▶ **Data provided**:

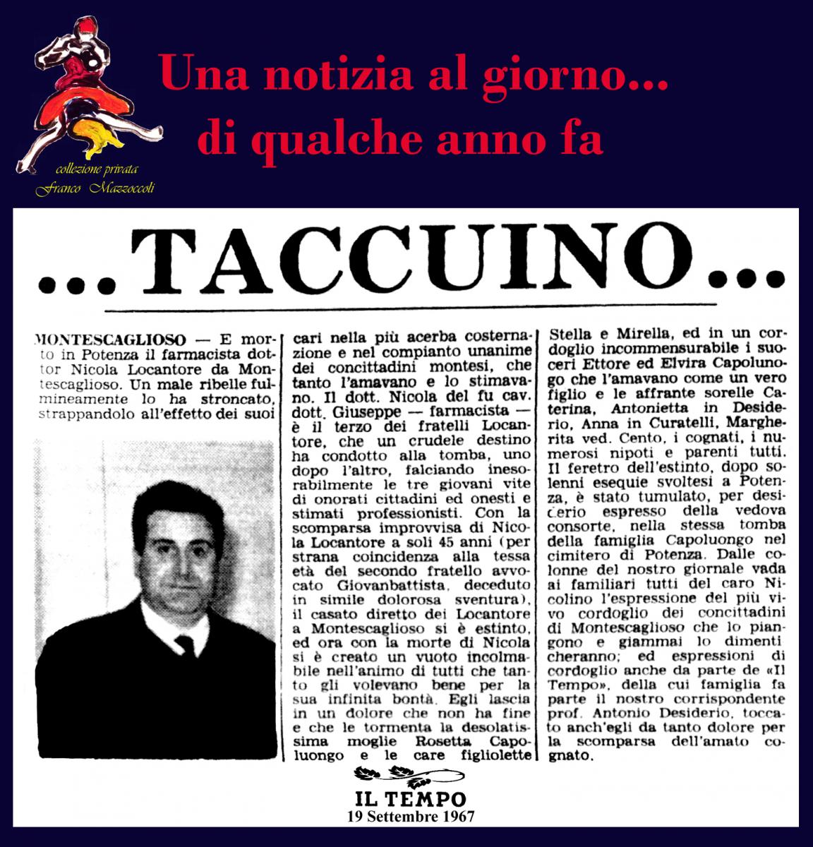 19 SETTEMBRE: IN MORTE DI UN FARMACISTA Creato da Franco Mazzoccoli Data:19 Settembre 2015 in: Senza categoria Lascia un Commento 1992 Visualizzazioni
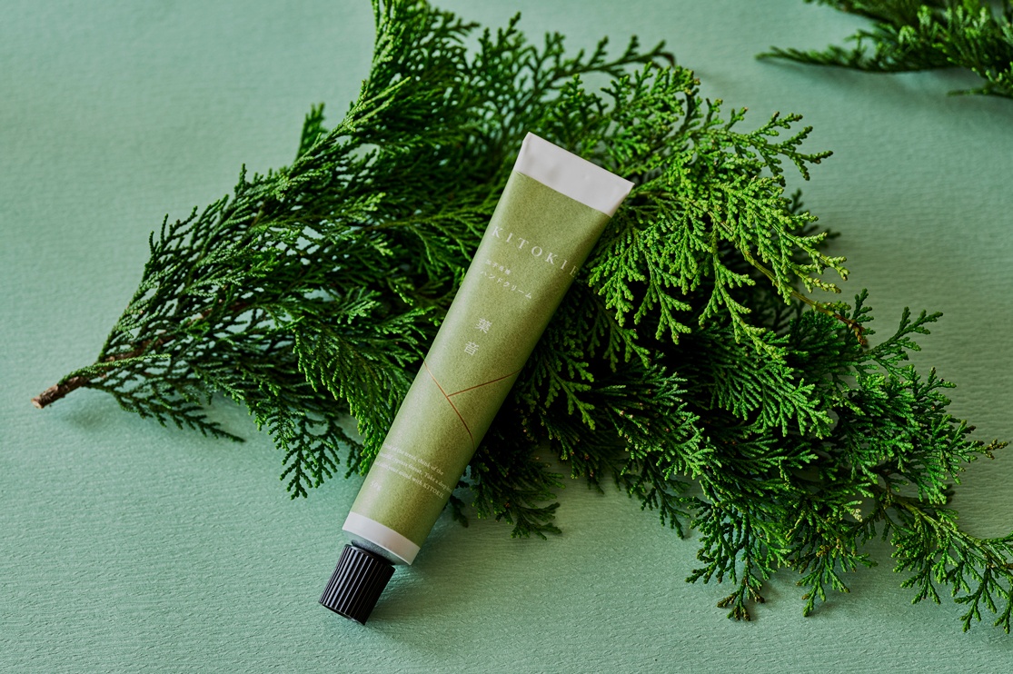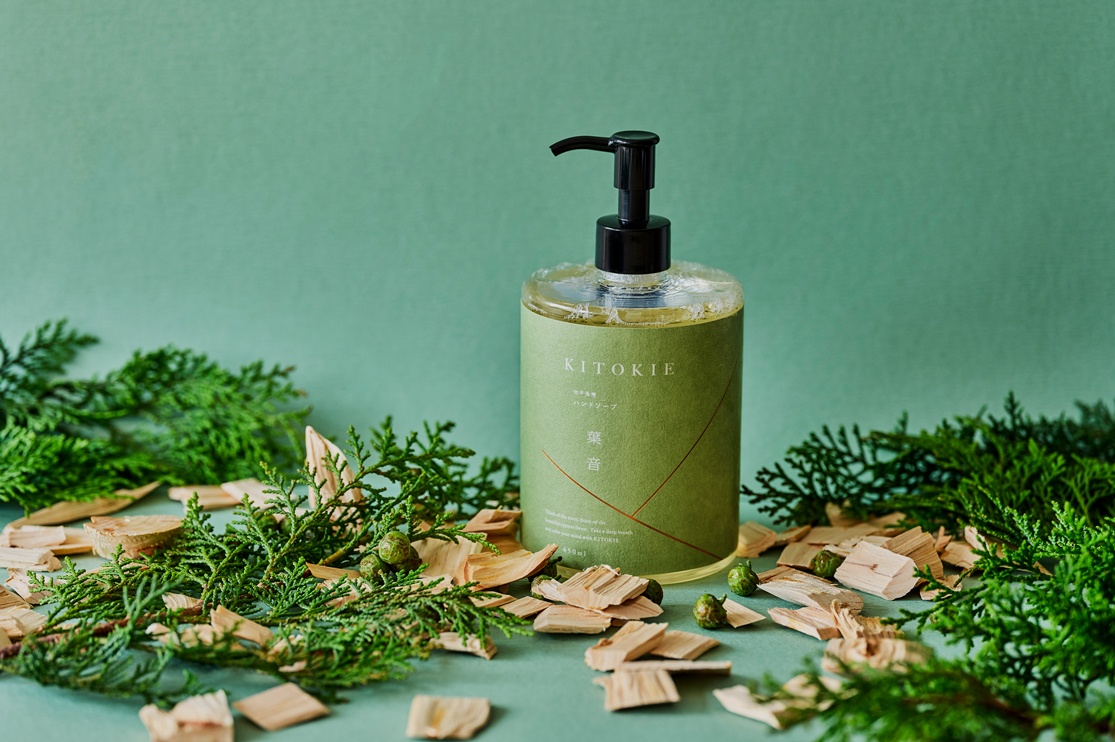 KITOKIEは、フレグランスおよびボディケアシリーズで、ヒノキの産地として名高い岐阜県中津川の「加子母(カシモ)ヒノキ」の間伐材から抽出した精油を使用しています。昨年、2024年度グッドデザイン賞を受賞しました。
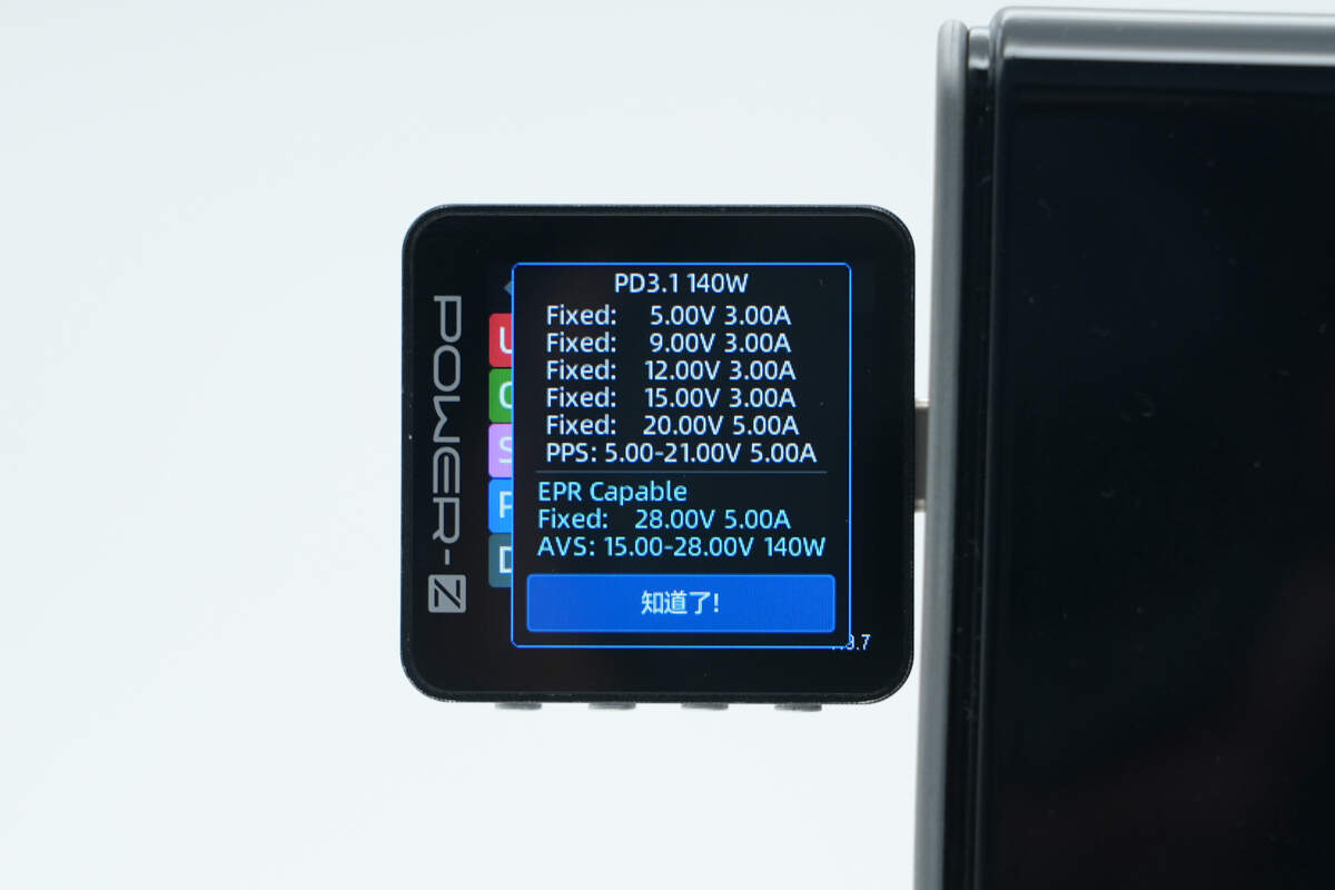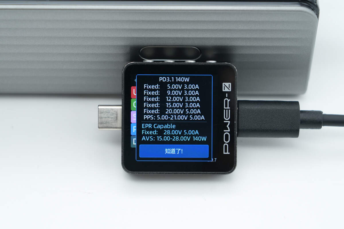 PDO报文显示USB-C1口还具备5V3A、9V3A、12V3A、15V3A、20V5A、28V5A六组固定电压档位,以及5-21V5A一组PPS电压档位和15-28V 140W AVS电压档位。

▶ **What to produce**:
Return all material verbatim, pictures omitted.

▶ **Answer to this exercise**:
 19 SETTEMBRE: IN MORTE DI UN FARMACISTA Creato da Franco Mazzoccoli Data:19 Settembre 2015 in: Senza categoria Lascia un Commento 1992 Visualizzazioni
 KITOKIEは、フレグランスおよびボディケアシリーズで、ヒノキの産地として名高い岐阜県中津川の「加子母(カシモ)ヒノキ」の間伐材から抽出した精油を使用しています。昨年、2024年度グッドデザイン賞を受賞しました。
 PDO报文显示USB-C1口还具备5V3A、9V3A、12V3A、15V3A、20V5A、28V5A六组固定电压档位,以及5-21V5A一组PPS电压档位和15-28V 140W AVS电压档位。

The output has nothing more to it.